It can be very exciting for a business owner to finally find office space that will work for his or her business. Do not let this excitement prevent you from taking the time upfront to make sure the office space and the lease agreement associated with the office space will be right for you. Negotiating the best office lease to meet the needs of your business can save you a great deal of money and headaches down the road.
What Should I Be Mindful of When Negotiating My Office Lease?
The opportunity to negotiate the lease for your office space can give your business flexibility and peace of mind that may very well prove invaluable. Make sure you take care to address some of the following in your lease:
- Permitted use of the premises: Is this office space going to allow you to conduct the business you want both now and in the future? When negotiating your lease, attempting to secure a broad permitted use clause will best protect your ability to expand and change your business as you see fit.

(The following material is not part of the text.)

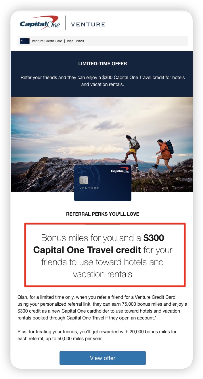 通过我们的推荐链接成功申请Capital One Venture信用卡,送75000积分(最低价值750美元),并赠送300美元旅行额度,可以抵扣机票酒店费用。
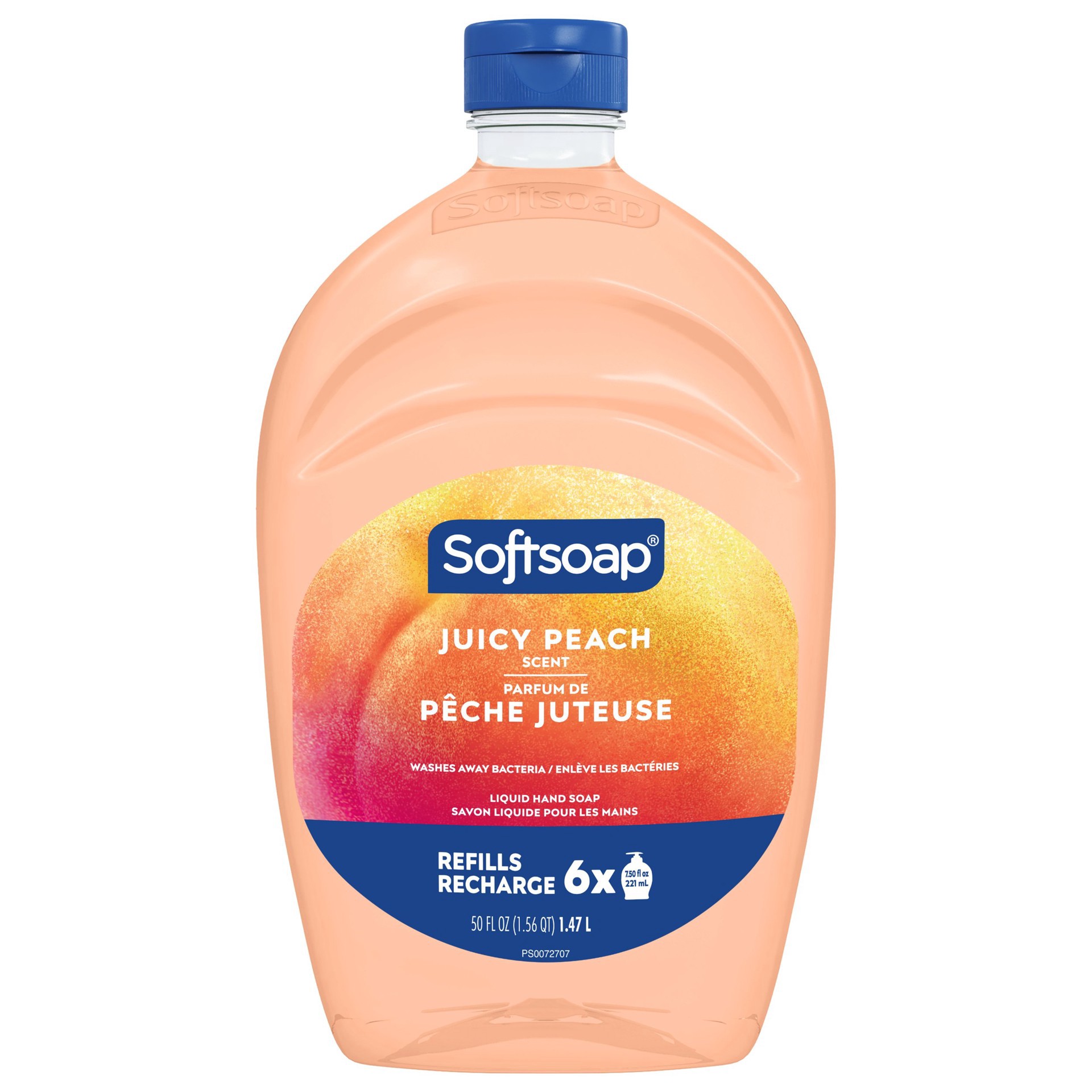 With a rich fruity scent, Softsoap liquid hand soap in Juicy Peach is a hand soap youâll want to keep on your sink to infuse every small moment with joy. This liquid hand soap effectively washes awa…

- Extension option: This lease provision can protect your ability to extend your lease while limiting the amount your rent may increase. Take into consideration how many options to extend your lease you may have. Consider a provision limiting the amount you rent may increase upon extension. Additionally, the extension option provision of the lease can require your landlord to remind you about the option to extend should you fail to provide notice by a certain date.
- Termination option: Sometimes a business does not work out or operating a business in a certain space does not work out. Any number of factors can account for this, but you want to make sure your lease has a termination option that will not unduly punish you should you need to end your lease prior to its end date. It is unlikely that you will avoid paying any fees for an untimely lease termination, but you can use the termination option provision to minimize your liabilities as much as possible.
- Right of first refusal: This option is a popular addition to office leases. It gives you, the tenant, the right to lease additional space in the event an outside party expresses interest in leasing that space. For example, if there is surrounding space that you ever might want to expand into and someone else expresses interest in that space, the landlord would give you the first opportunity to match any offer made to lease the specified space. The right of first refusal provision should specify which space(s) the right pertains to. It should also specify whether the right is a one-time option or whether it will continue throughout the length of the lease.